== Given records

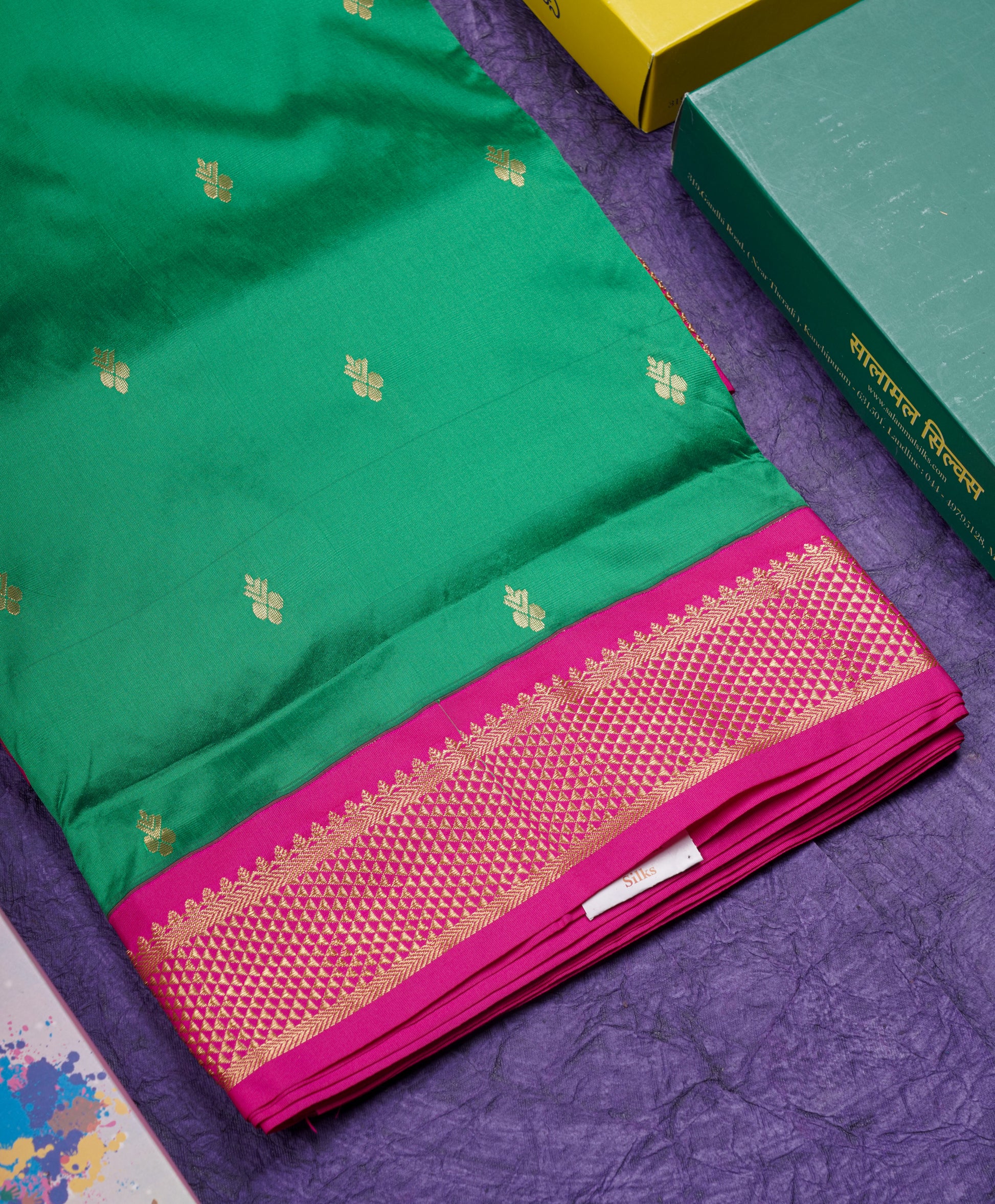 11 Yards Green Semi Silk Saree with Contrast Pink Border
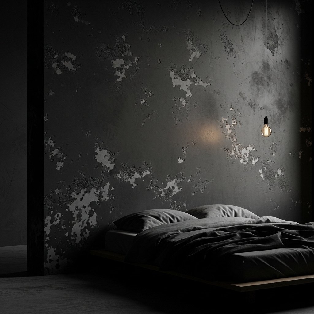 A distressed wall instantly sets the tone for a grunge-inspired bedroom. You can use sandpaper, sponges, or dry brushing techniques to create a rough, worn-out effect. Mixing shades of gray, black, and deep browns adds depth and moodiness to the room. This DIY approach allows you to customize the level of distress to match your style. The result is a backdrop that feels raw, artistic, and undeniably grunge.
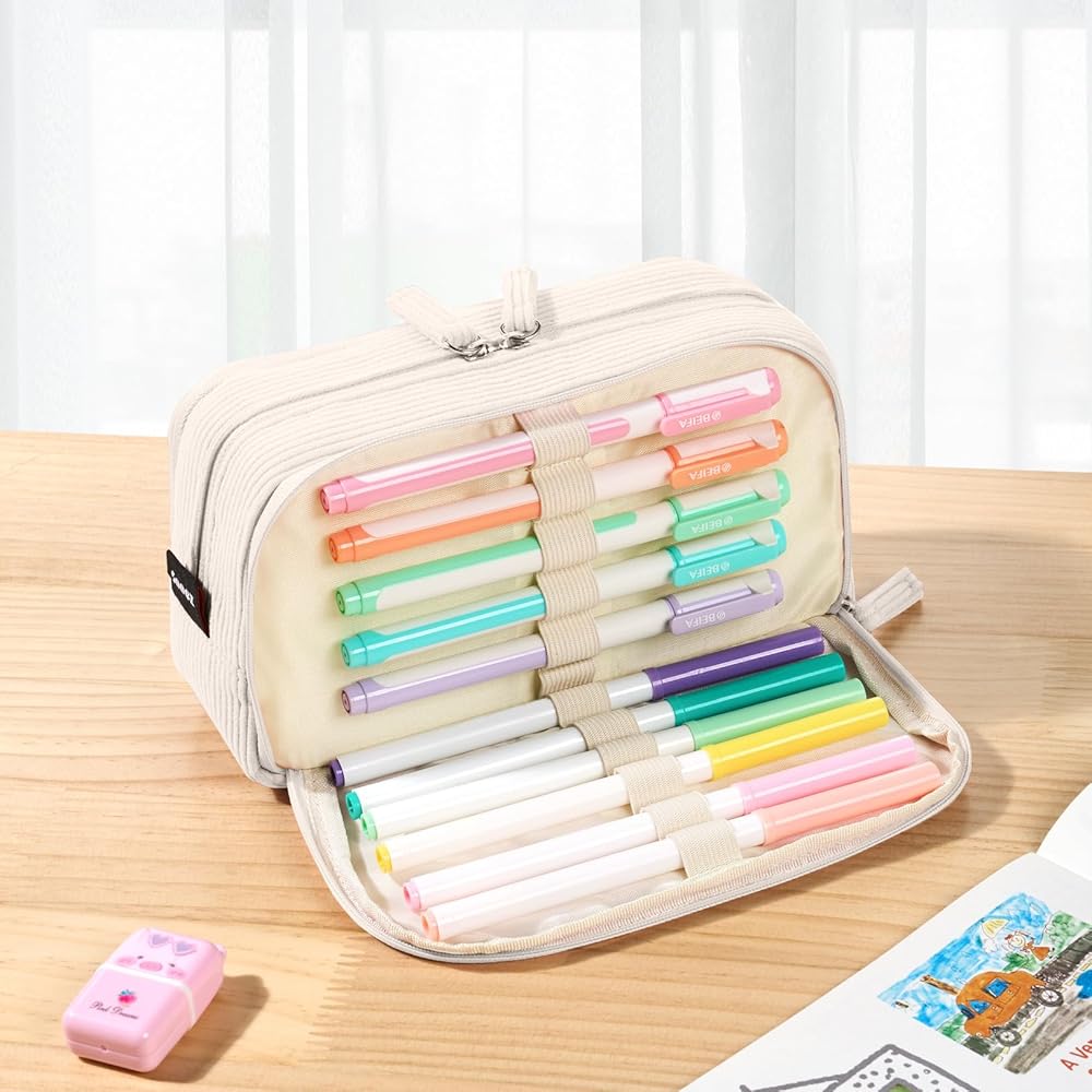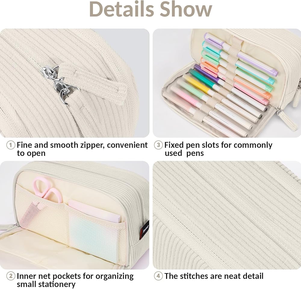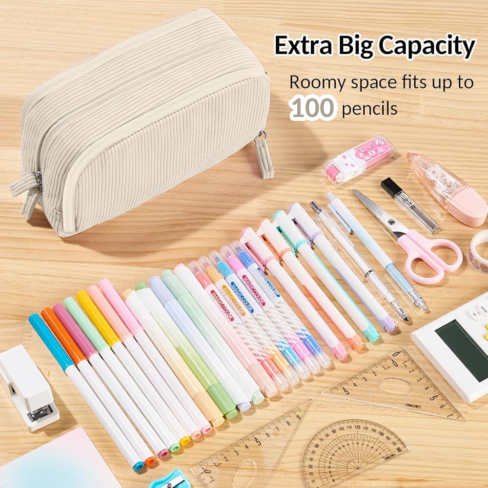 Sooez Big Capacity Pencil Case Pen Pouch, Soft Corduroy Pencil Bag with 3 Compartment, Multiple Pockets, Sturdy Zipper, Cute School Supplies Pen Bag Organizer For Teen Girls College, Beige
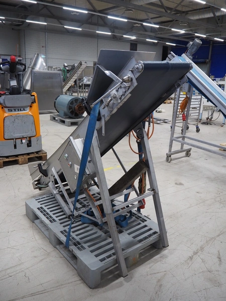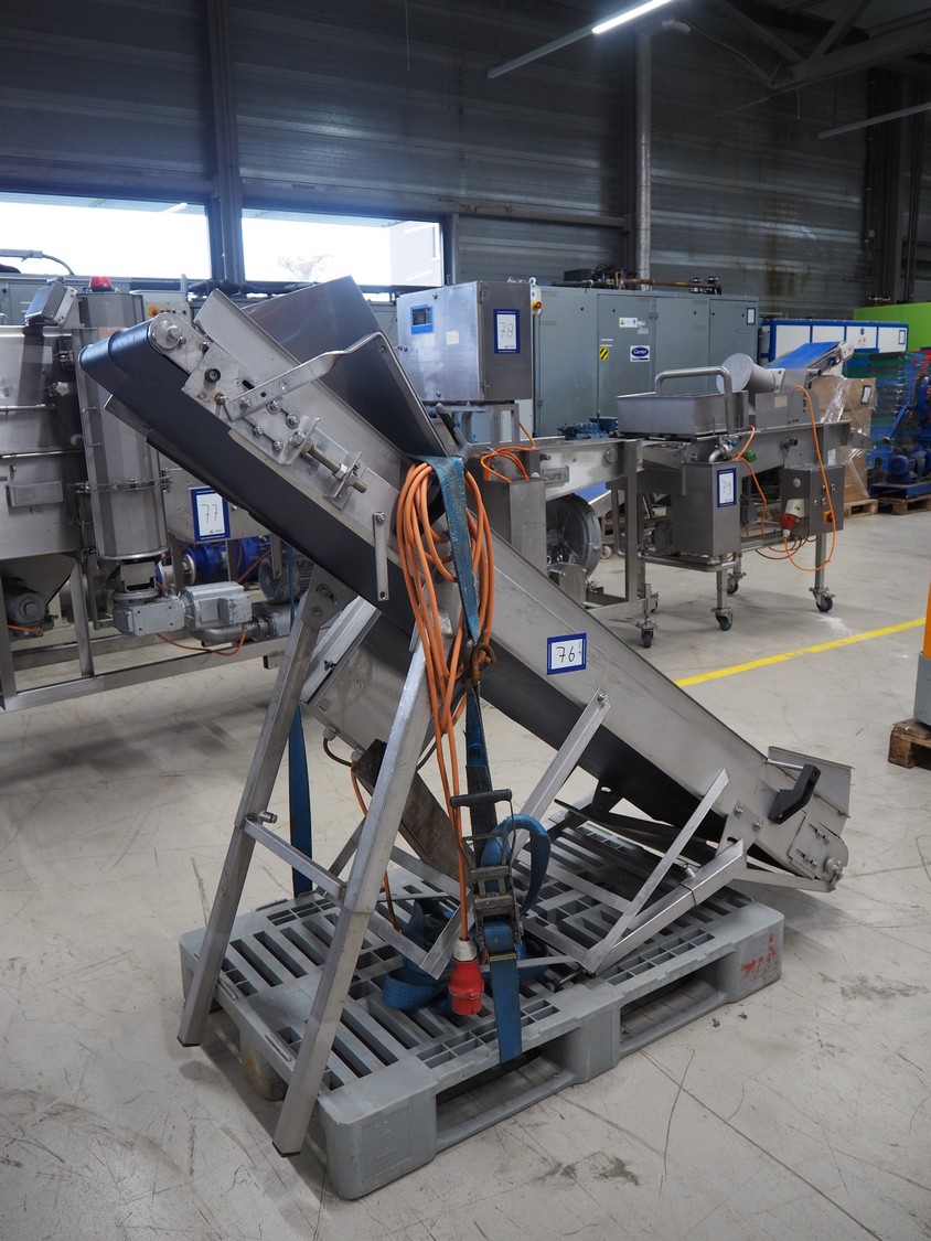 Wichelmann Metallbau elevating belt, plastic belt, belt width: 400 mm, elevating height: 1450 mm, total dimensions: 1750 mm x 620 mm x 1600 mm.
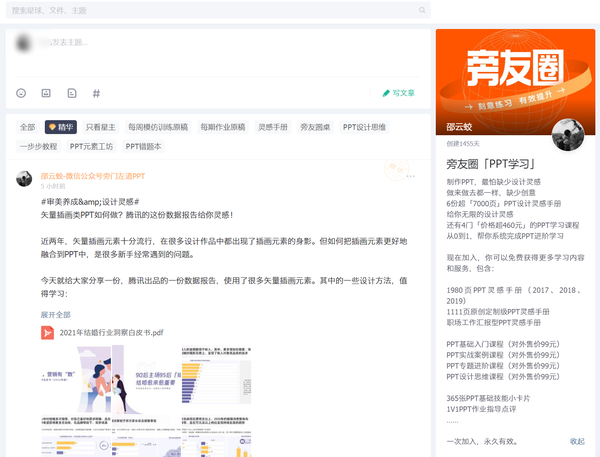 可以找一些PPT相关的社群,比如,知识星球中的【旁友圈】:
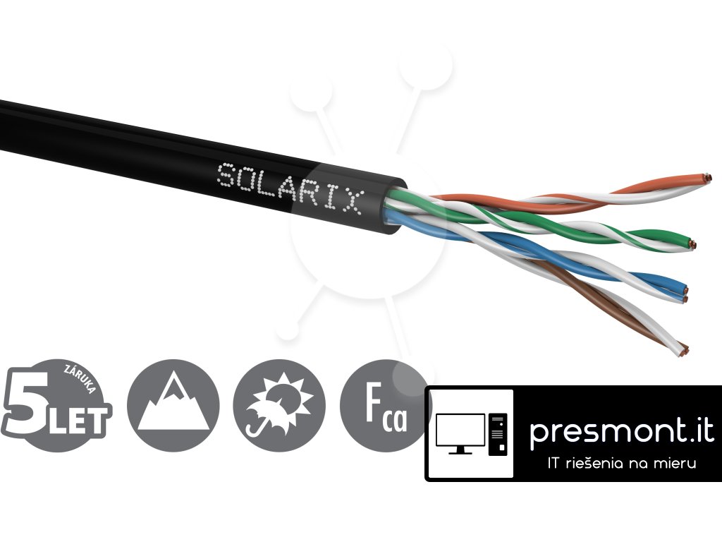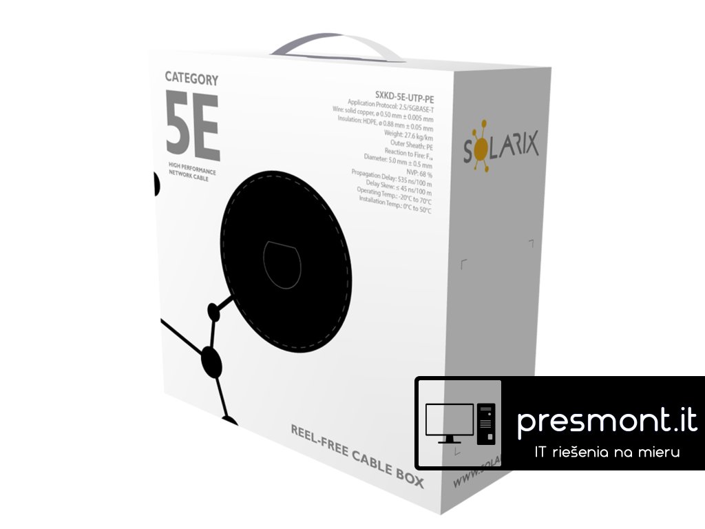 Instalační kabel Solarix s označením SXKD-5E-UTP-PE je spolehlivý venkovní nestíněný kabel kategorie 5E, který je určený pro provoz ethernetových protokolů, včetně 2.5GBASE-T a 5GBASE-T*. Konstrukce kabelu je U/UTP, typ pláště UV stabilní PE s třídou reakce na oheň Fca a stupněm krytí IP67. Vodiče kabelu jsou vyrobeny z kvalitního měděného drátu s čistotou mědi 99,97 %. Kabel bez problémů splňuje požadavky z mezinárodních standardů ISO/IEC 11801, EN 50173 a ANSI/TIA 568.2-D. Stejně jako ostatní kabely Solarix, je i kabel SXKD-5E-UTP-PE značen metráží po 1 m v rozsahu od 0 do 100 m. Kabel je dodáván ve vysoce odolném třívrstvém leštěném kartónovém boxu (vždy barevně odlišeném podle typu kabelu), na kterém jsou uvedeny všechny nezbytné produktové informace, včetně čárových kódů, výrobní šarže, popisu a nejdůležitějších technických parametrů. Tento kabel není určen pro trvalé uložení do vody ani do země bez odpovídající řádné ochrany. Technické parametry Kategorie: CAT5E Podporované protokoly: 2.5/5GBASE-T a nižší Stínění: ne Šířka pásma: 100 MHz Typ a velikost vodiče: měděný drát 0,50 mm ± 0,005 mm Izolace a průměr vodiče s izolací: HDPE 0,88 mm Třída reakce na oheň, typ pláště: Fca, PE Barva pláště: černá RAL 9005 Průměr kabelu: 5,0 mm Váha: 27,6 kg/km NVP: 68 % Propagation delay: 535 ns/100 m Delay skew: nižší než 45 ns/100 m Skladovací teplota: -20 °C až 70 °C Provozní teplota: -20 °C až 70 °C Teplota při instalaci: 0 °C až 50 °C Balení: 100 m, třívrstvý kartónový box Rozměry balení (výška x hloubka x šířka): 260 mm x 260 mm x 120 mm Počet balení na paletě: 128 boxůDodatočné parametre

====

Exercise aim ::
In your copy, repeat the records above exactly and include no images.

Output for this exercise ::
 11 Yards Green Semi Silk Saree with Contrast Pink Border
 A distressed wall instantly sets the tone for a grunge-inspired bedroom. You can use sandpaper, sponges, or dry brushing techniques to create a rough, worn-out effect. Mixing shades of gray, black, and deep browns adds depth and moodiness to the room. This DIY approach allows you to customize the level of distress to match your style. The result is a backdrop that feels raw, artistic, and undeniably grunge.
 Sooez Big Capacity Pencil Case Pen Pouch, Soft Corduroy Pencil Bag with 3 Compartment, Multiple Pockets, Sturdy Zipper, Cute School Supplies Pen Bag Organizer For Teen Girls College, Beige
 Wichelmann Metallbau elevating belt, plastic belt, belt width: 400 mm, elevating height: 1450 mm, total dimensions: 1750 mm x 620 mm x 1600 mm.
 可以找一些PPT相关的社群,比如,知识星球中的【旁友圈】:
 Instalační kabel Solarix s označením SXKD-5E-UTP-PE je spolehlivý venkovní nestíněný kabel kategorie 5E, který je určený pro provoz ethernetových protokolů, včetně 2.5GBASE-T a 5GBASE-T*. Konstrukce kabelu je U/UTP, typ pláště UV stabilní PE s třídou reakce na oheň Fca a stupněm krytí IP67. Vodiče kabelu jsou vyrobeny z kvalitního měděného drátu s čistotou mědi 99,97 %. Kabel bez problémů splňuje požadavky z mezinárodních standardů ISO/IEC 11801, EN 50173 a ANSI/TIA 568.2-D. Stejně jako ostatní kabely Solarix, je i kabel SXKD-5E-UTP-PE značen metráží po 1 m v rozsahu od 0 do 100 m. Kabel je dodáván ve vysoce odolném třívrstvém leštěném kartónovém boxu (vždy barevně odlišeném podle typu kabelu), na kterém jsou uvedeny všechny nezbytné produktové informace, včetně čárových kódů, výrobní šarže, popisu a nejdůležitějších technických parametrů. Tento kabel není určen pro trvalé uložení do vody ani do země bez odpovídající řádné ochrany. Technické parametry Kategorie: CAT5E Podporované protokoly: 2.5/5GBASE-T a nižší Stínění: ne Šířka pásma: 100 MHz Typ a velikost vodiče: měděný drát 0,50 mm ± 0,005 mm Izolace a průměr vodiče s izolací: HDPE 0,88 mm Třída reakce na oheň, typ pláště: Fca, PE Barva pláště: černá RAL 9005 Průměr kabelu: 5,0 mm Váha: 27,6 kg/km NVP: 68 % Propagation delay: 535 ns/100 m Delay skew: nižší než 45 ns/100 m Skladovací teplota: -20 °C až 70 °C Provozní teplota: -20 °C až 70 °C Teplota při instalaci: 0 °C až 50 °C Balení: 100 m, třívrstvý kartónový box Rozměry balení (výška x hloubka x šířka): 260 mm x 260 mm x 120 mm Počet balení na paletě: 128 boxůDodatočné parametre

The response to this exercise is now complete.